L’azione di smembramento della sanità, l’indebolimento della scuola, dei piccoli comuni e delle istituzioni locali, l’abbandono di qualsiasi iniziativa di miglioramento della viabilità e di cura verso il territorio, l’assenza di idee che favoriscano l’occupazione e l’insediamento produttivo, non sono che alcuni esempi di aspetti per i quali si sono intrapresi percorsi errati o su cui, forse peggio, non si è fatto nulla e che, nel breve periodo avranno conseguenze negative ed effetti imprevedibili.
Dall’analisi delle attuali circostanze, non sembra che la politica possa dare risposte adeguate nel breve o medio termine. La concezione accentratrice che essa esprime ad ogni livello, fa sì che tutte le decisioni riguardanti il territorio periferico, siano concepite e attuate attraverso una visione urbano-centrica che mai potrà generare sviluppi positivi. Senza eccezione invece, ravviserà nel territorio ad essa esterno un qualcosa da accorpare, riunire, centralizzare per poterlo controllare in base alle esigenze e possibilmente per poterne disporre a proprio uso e consumo.
La classe dirigente così strutturata, avrà sempre la percezione che tutto ciò che sta all’esterno ed è dislocato su un territorio vasto, che non conosce e non comprende, debba essere ricondotto all’interno di logiche che facciano riferimento ad un potere concentrato, che mantenga la capacità di individuare politiche che siano, innanzitutto, ad esso confacenti e con logiche che prevedano rapporti di forza basati su valutazioni di carattere prevalentemente numerico.
Sarà la crescente burocratizzazione a rendere i piccoli centri e le residue attività che vi operano, inadeguati a quella che è definita un’azione cosiddetta modernizzatrice, ma che di fatto non sarà altro che un metodo subdolo per concentrare altrove le leve economiche e decisionali.
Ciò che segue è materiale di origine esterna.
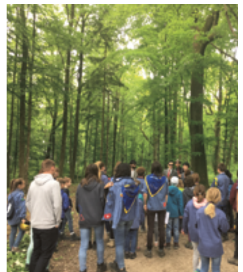
Cevi-Schnuppertag, gemischte Cevi-Gruppe im Altstetterwald

Il proliferare di inutili incombenze e indecifrabile burocrazia, sposta il potere verso i grandi centri dove la continua crescita di cavilli e pretesti, nutre lo sviluppo di strutture e organi di controllo il cui fine nascosto è soprattutto quello di autoalimentarsi, in un insieme di pachidermici carrozzoni dai quali non si vedrà via d’uscita.
Da tali sintetiche valutazioni, si evince come solo un’azione più pregnante e partecipata, improntata ad una rinnovata responsabilità locale, possa offrire un disegno di più ampio respiro e soprattutto possa garantire l’attenzione verso le reali esigenze extra- metropolitane.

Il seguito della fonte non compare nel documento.